• Your instructions:
Retype the entries exactly, but skip the pictures.

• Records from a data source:

--- START ---

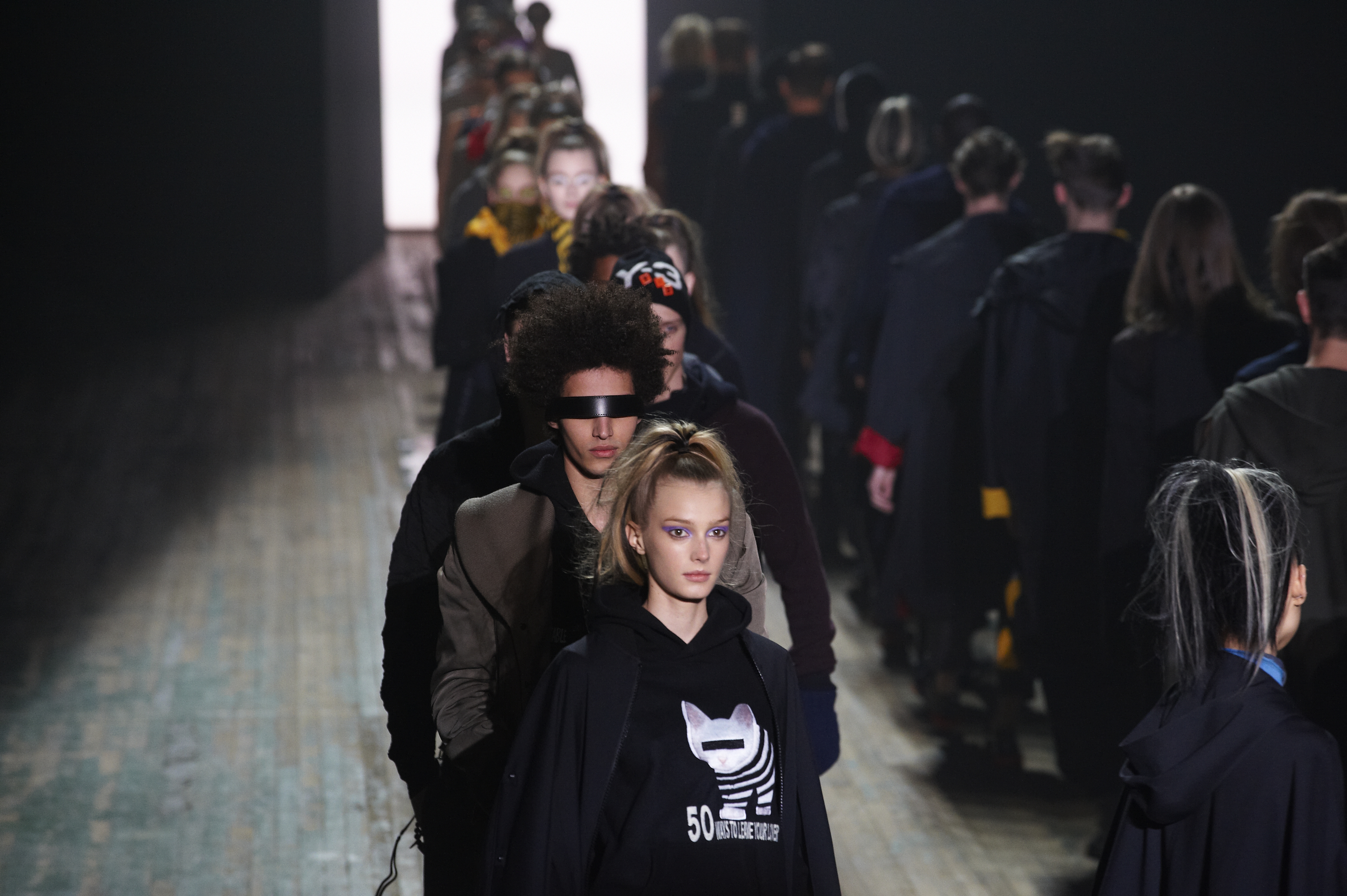 Models take to the runway at the conclusion of the Y-3 Fall/Winter 2010 show at New York Fashion Week, February 2010.
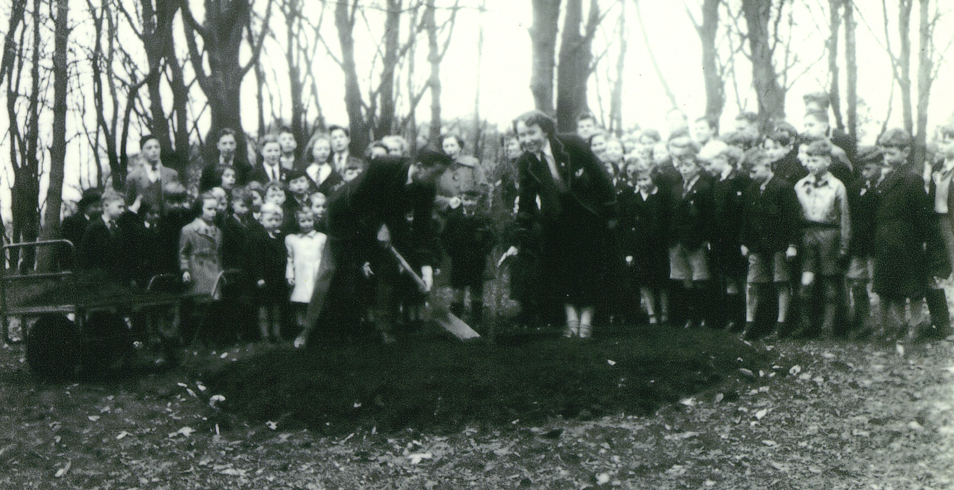 Spier's School Coronation Garden Dawn Redwood tree planting ceremony. Beith, North Ayrshire, Scotland.
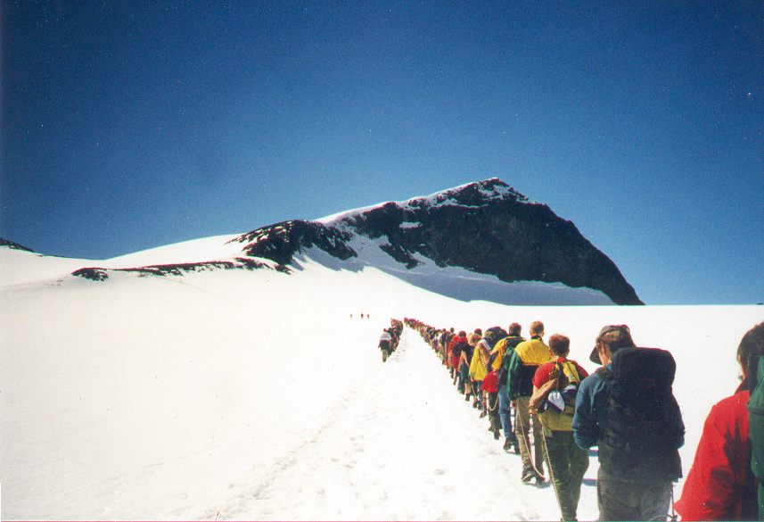 Crossing the glacier between Juvasshytta and the highest mountain in Norway, Galdhøpiggen, which is seen in the background.
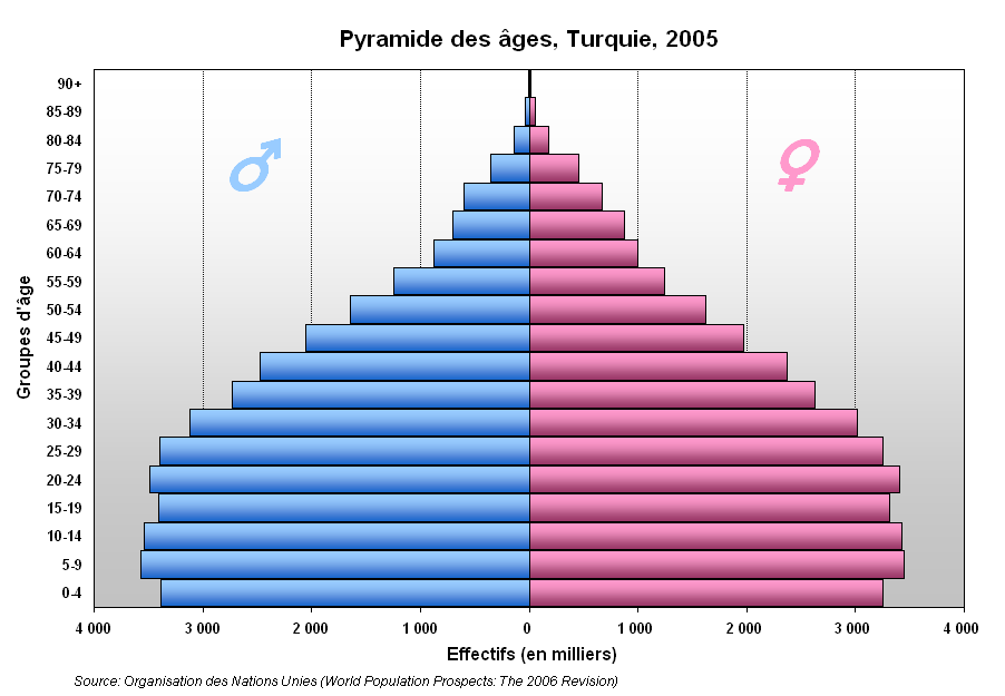 Turkey Population pyramid, 2005
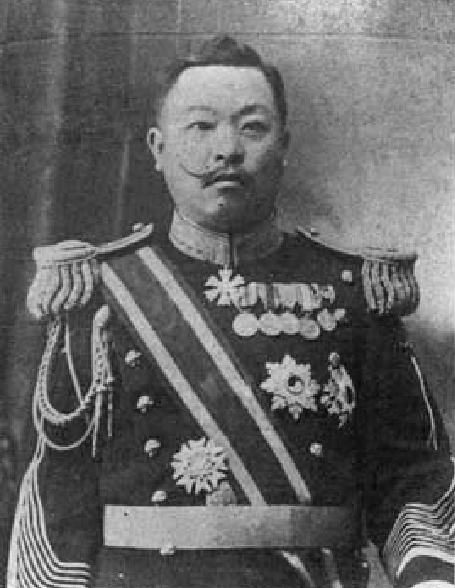 Lee Byeong-mu Portrait
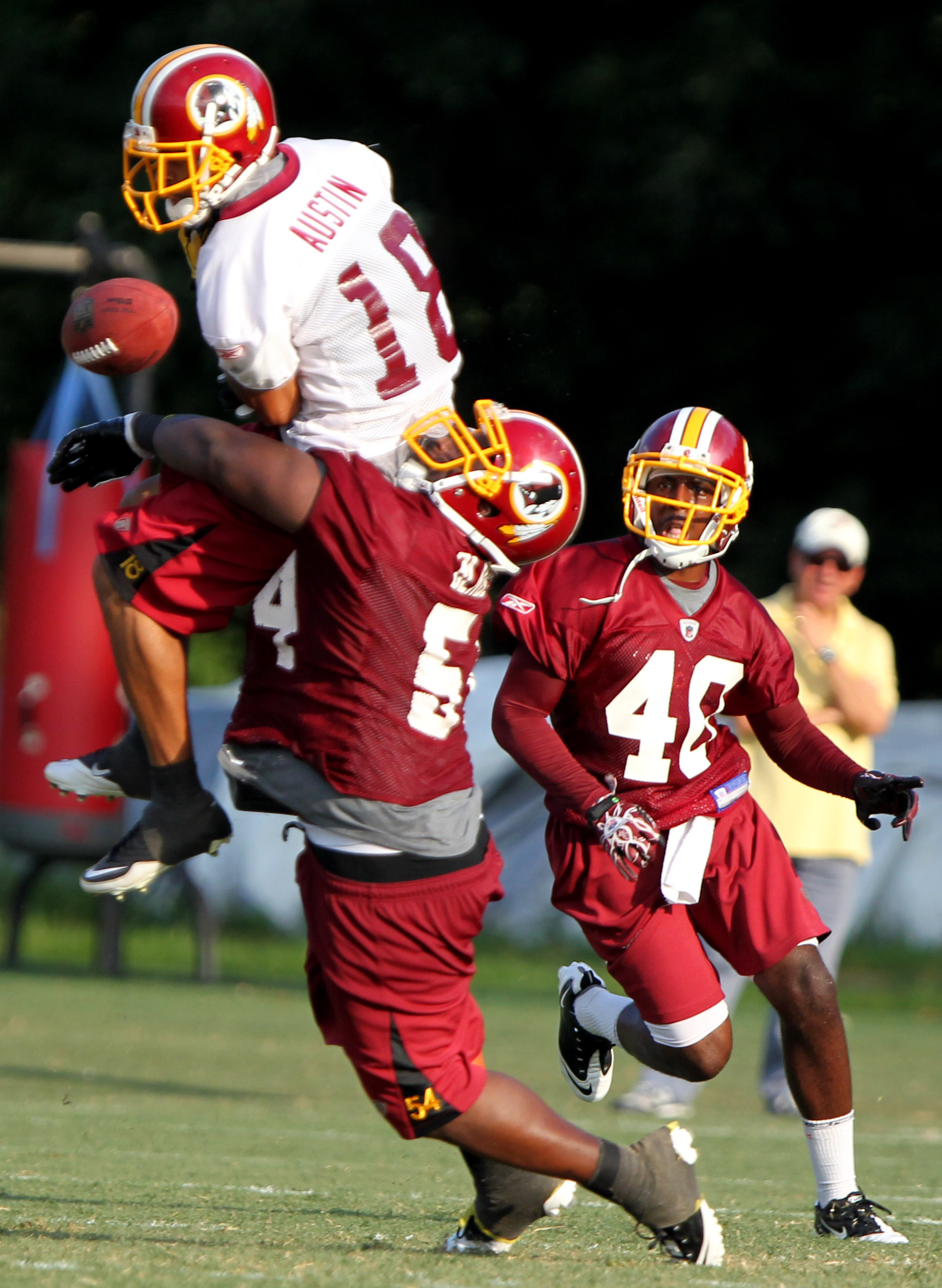 Washington Redskins Training Camp August 4, 2011

--- END ---

• Solved exercise:
 Models take to the runway at the conclusion of the Y-3 Fall/Winter 2010 show at New York Fashion Week, February 2010.
 Spier's School Coronation Garden Dawn Redwood tree planting ceremony. Beith, North Ayrshire, Scotland.
 Crossing the glacier between Juvasshytta and the highest mountain in Norway, Galdhøpiggen, which is seen in the background.
 Turkey Population pyramid, 2005
 Lee Byeong-mu Portrait
 Washington Redskins Training Camp August 4, 2011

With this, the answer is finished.